A new study from the Institute of Labor Economics shines doubt on the effectiveness of Donald Trump’s push to deport immigrants to increase the safety of America. According to the study, deporting undocumented immigrants is not effective at reducing crime rates. Interestingly, the process can actually increase the incidence of certain crimes, Newsweek reports.
The study suggests that 45 percent of immigrants deported under Department of Homeland Security’s Secure Communities program, which Barack Obama oversaw during his first term as president, either had minor prior convictions or not at all.
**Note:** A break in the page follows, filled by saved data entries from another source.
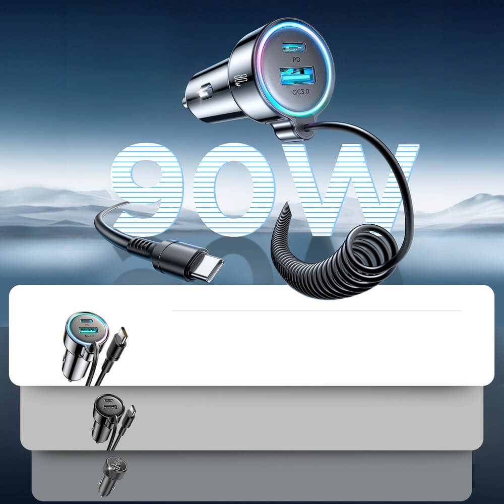 - Компактно и практично зарядно за кола с вграден USB-C кабел и USB-A и USB-C изходи
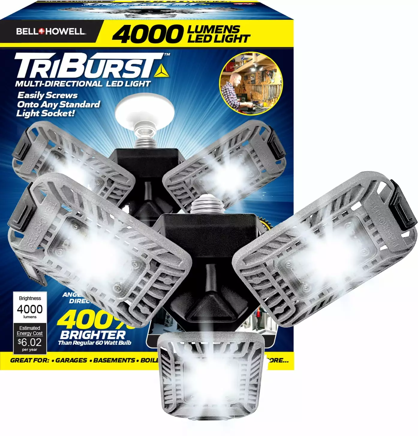 Bell and Howell TriBurst LED Garage Light Bulb 3 Panel Light 4000 Lumen 60W
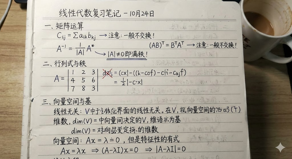 如果这样,我给ai详细的内容,是不是能完美生成笔记?让他帮我生成一个线性代数笔记。

This finding conflicts with the goals of the U.S. Immigration and Customs Enforcement (ICE).
“ICE remains committed to directing its enforcement resources to those aliens posing the greatest risk to the safety and security of the United States,” the agency claimed in the recent enforcement report. “By far, the largest percentage of aliens arrested by ICE are convicted criminals.”
Although the study claims that deporting criminal immigrants would decrease crimes, it suggests that the ICE is not effective at doing so. Under Obama’s administration, there was no significant decrease in crime rates due to deportation, and the number of deportees with criminal records has declined under Trump’s administration.
In addition, the study found a statistically significant correlation between increased deportations and property crimes. The study concluded that there is “not empirical support” for the claims that deporting immigrants is effectively decreasing crime and making communities safer.
The ICE’s approach to deportation has come under fire since Trump announced the agency would be cracking down on the purported immigration problem. Laura Williamson, an organizer with Sanctuary DMV, claims that — in the face of immigrants learning their rights and receiving help from their community — the ICE has turned its focus to deception and surveillance in what she claims is an approach that bends the commonly accepted “moral standards of transparency and respect.”
As for the effect of immigration on the U.S. economy, a paper from the Journal of Development Economics, which was posted by Science Direct, suggests that most immigration doesn’t lower the wages of native workers. The results of the study are reportedly aligned with most economic research, which suggests that immigration is, in many cases, beneficial because immigrants are not just workers; they are people that start businesses and purchase goods and services from U.S. businesses, circulating capital throughout the economy.
In addition, Harvard Business Review suggests immigrants are responsible for starting 25 percent of new businesses, an impressive number considering they account for 15 percent of the population of the United States.